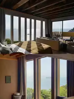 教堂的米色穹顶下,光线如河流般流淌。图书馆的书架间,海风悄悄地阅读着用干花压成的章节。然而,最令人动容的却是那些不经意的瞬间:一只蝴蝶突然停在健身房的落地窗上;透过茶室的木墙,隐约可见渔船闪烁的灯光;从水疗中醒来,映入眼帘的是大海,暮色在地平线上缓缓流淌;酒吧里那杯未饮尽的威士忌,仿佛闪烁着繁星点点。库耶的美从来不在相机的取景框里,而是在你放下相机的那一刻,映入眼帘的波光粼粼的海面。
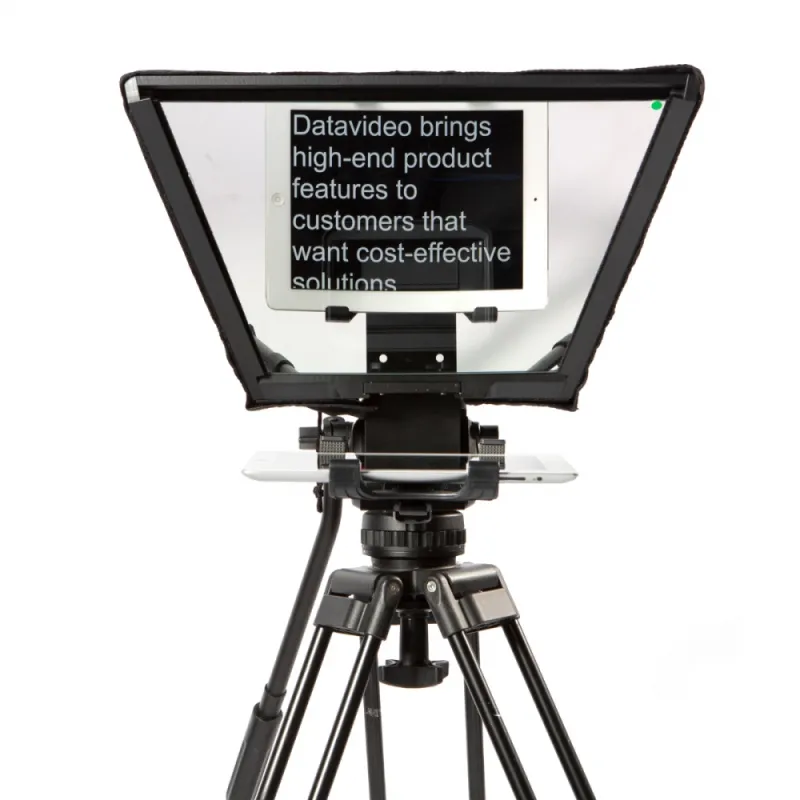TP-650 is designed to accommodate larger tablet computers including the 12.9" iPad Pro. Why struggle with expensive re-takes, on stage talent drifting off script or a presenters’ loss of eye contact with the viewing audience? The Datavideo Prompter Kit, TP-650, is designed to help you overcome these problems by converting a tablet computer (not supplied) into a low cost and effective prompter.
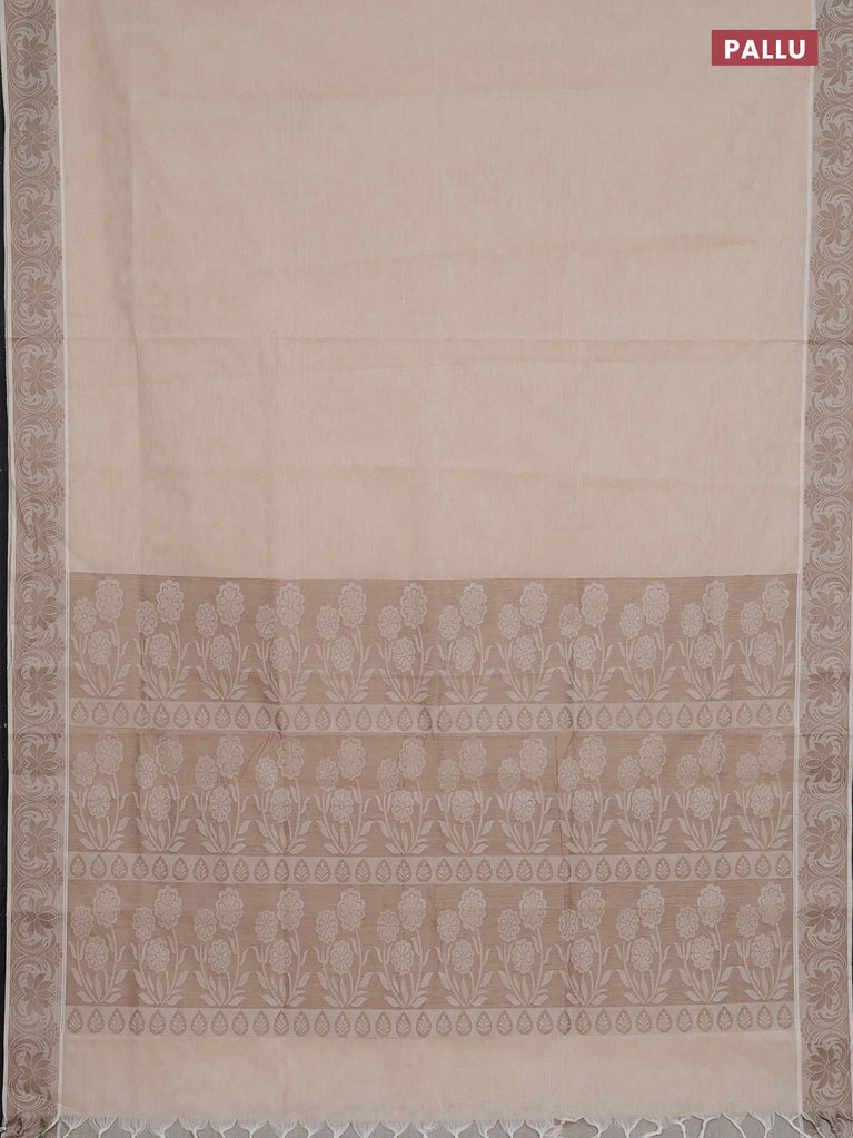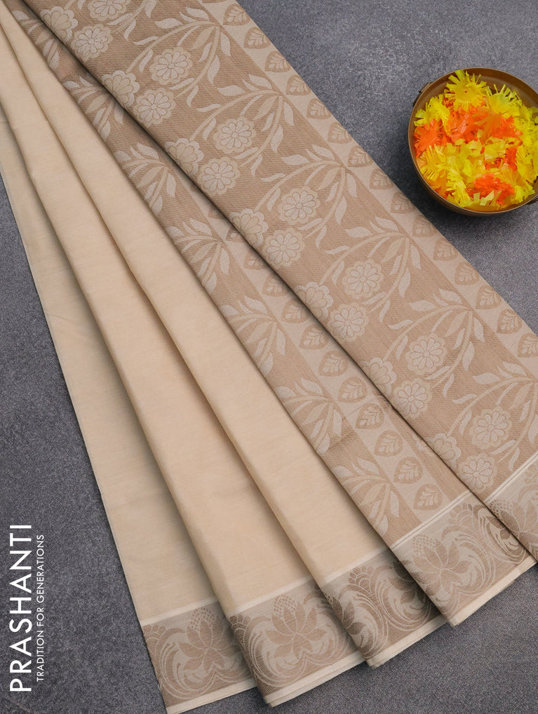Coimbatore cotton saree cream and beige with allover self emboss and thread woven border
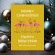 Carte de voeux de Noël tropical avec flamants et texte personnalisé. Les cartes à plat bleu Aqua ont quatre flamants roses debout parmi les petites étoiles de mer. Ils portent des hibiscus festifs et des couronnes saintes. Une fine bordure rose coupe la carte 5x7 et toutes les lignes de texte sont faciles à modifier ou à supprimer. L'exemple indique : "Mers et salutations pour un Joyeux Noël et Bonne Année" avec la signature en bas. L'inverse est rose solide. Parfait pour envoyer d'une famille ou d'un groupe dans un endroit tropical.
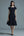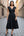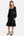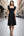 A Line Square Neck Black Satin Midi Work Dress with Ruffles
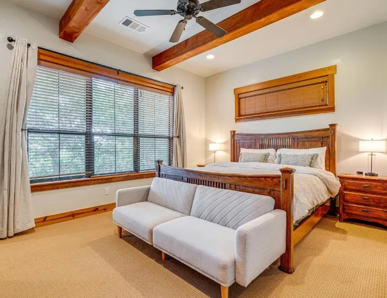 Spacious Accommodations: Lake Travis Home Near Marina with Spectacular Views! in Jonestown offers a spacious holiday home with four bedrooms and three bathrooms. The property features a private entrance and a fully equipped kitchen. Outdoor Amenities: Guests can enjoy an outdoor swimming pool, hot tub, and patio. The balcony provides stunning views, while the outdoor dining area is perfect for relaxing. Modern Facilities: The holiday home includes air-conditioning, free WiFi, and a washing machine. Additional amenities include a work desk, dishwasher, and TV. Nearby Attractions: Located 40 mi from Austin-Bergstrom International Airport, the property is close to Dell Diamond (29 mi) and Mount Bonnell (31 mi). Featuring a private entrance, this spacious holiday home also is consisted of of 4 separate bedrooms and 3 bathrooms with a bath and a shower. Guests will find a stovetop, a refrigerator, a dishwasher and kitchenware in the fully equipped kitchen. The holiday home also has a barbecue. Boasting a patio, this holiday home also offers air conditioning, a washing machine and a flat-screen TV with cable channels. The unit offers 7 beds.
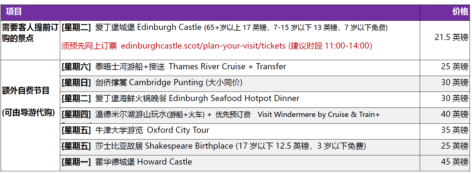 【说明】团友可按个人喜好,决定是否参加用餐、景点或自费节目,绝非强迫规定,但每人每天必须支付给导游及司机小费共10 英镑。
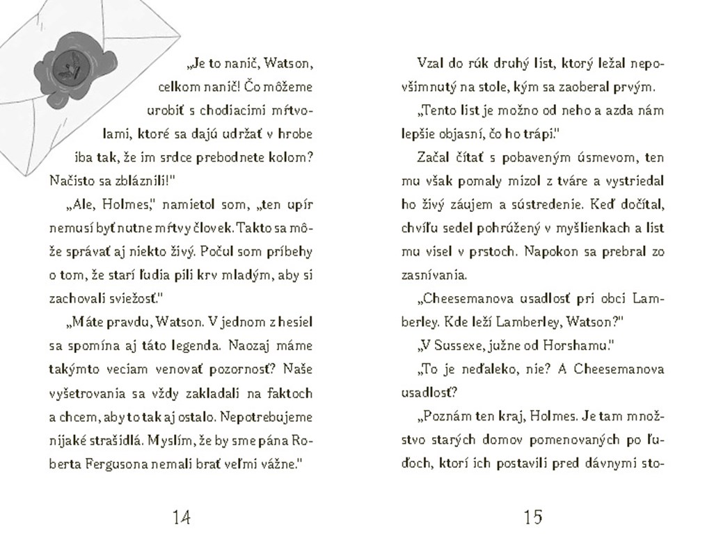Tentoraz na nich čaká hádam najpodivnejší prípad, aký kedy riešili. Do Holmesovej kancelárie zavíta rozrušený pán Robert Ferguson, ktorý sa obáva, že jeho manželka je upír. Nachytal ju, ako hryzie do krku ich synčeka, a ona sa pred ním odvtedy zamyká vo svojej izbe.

_Directions_. Could you write out the records exactly while omitting every picture?

_Written reply_.
 教堂的米色穹顶下,光线如河流般流淌。图书馆的书架间,海风悄悄地阅读着用干花压成的章节。然而,最令人动容的却是那些不经意的瞬间:一只蝴蝶突然停在健身房的落地窗上;透过茶室的木墙,隐约可见渔船闪烁的灯光;从水疗中醒来,映入眼帘的是大海,暮色在地平线上缓缓流淌;酒吧里那杯未饮尽的威士忌,仿佛闪烁着繁星点点。库耶的美从来不在相机的取景框里,而是在你放下相机的那一刻,映入眼帘的波光粼粼的海面。
TP-650 is designed to accommodate larger tablet computers including the 12.9" iPad Pro. Why struggle with expensive re-takes, on stage talent drifting off script or a presenters’ loss of eye contact with the viewing audience? The Datavideo Prompter Kit, TP-650, is designed to help you overcome these problems by converting a tablet computer (not supplied) into a low cost and effective prompter.
Coimbatore cotton saree cream and beige with allover self emboss and thread woven border
 Carte de voeux de Noël tropical avec flamants et texte personnalisé. Les cartes à plat bleu Aqua ont quatre flamants roses debout parmi les petites étoiles de mer. Ils portent des hibiscus festifs et des couronnes saintes. Une fine bordure rose coupe la carte 5x7 et toutes les lignes de texte sont faciles à modifier ou à supprimer. L'exemple indique : "Mers et salutations pour un Joyeux Noël et Bonne Année" avec la signature en bas. L'inverse est rose solide. Parfait pour envoyer d'une famille ou d'un groupe dans un endroit tropical.
 A Line Square Neck Black Satin Midi Work Dress with Ruffles
 Spacious Accommodations: Lake Travis Home Near Marina with Spectacular Views! in Jonestown offers a spacious holiday home with four bedrooms and three bathrooms. The property features a private entrance and a fully equipped kitchen. Outdoor Amenities: Guests can enjoy an outdoor swimming pool, hot tub, and patio. The balcony provides stunning views, while the outdoor dining area is perfect for relaxing. Modern Facilities: The holiday home includes air-conditioning, free WiFi, and a washing machine. Additional amenities include a work desk, dishwasher, and TV. Nearby Attractions: Located 40 mi from Austin-Bergstrom International Airport, the property is close to Dell Diamond (29 mi) and Mount Bonnell (31 mi). Featuring a private entrance, this spacious holiday home also is consisted of of 4 separate bedrooms and 3 bathrooms with a bath and a shower. Guests will find a stovetop, a refrigerator, a dishwasher and kitchenware in the fully equipped kitchen. The holiday home also has a barbecue. Boasting a patio, this holiday home also offers air conditioning, a washing machine and a flat-screen TV with cable channels. The unit offers 7 beds.
 【说明】团友可按个人喜好,决定是否参加用餐、景点或自费节目,绝非强迫规定,但每人每天必须支付给导游及司机小费共10 英镑。
Tentoraz na nich čaká hádam najpodivnejší prípad, aký kedy riešili. Do Holmesovej kancelárie zavíta rozrušený pán Robert Ferguson, ktorý sa obáva, že jeho manželka je upír. Nachytal ju, ako hryzie do krku ich synčeka, a ona sa pred ním odvtedy zamyká vo svojej izbe.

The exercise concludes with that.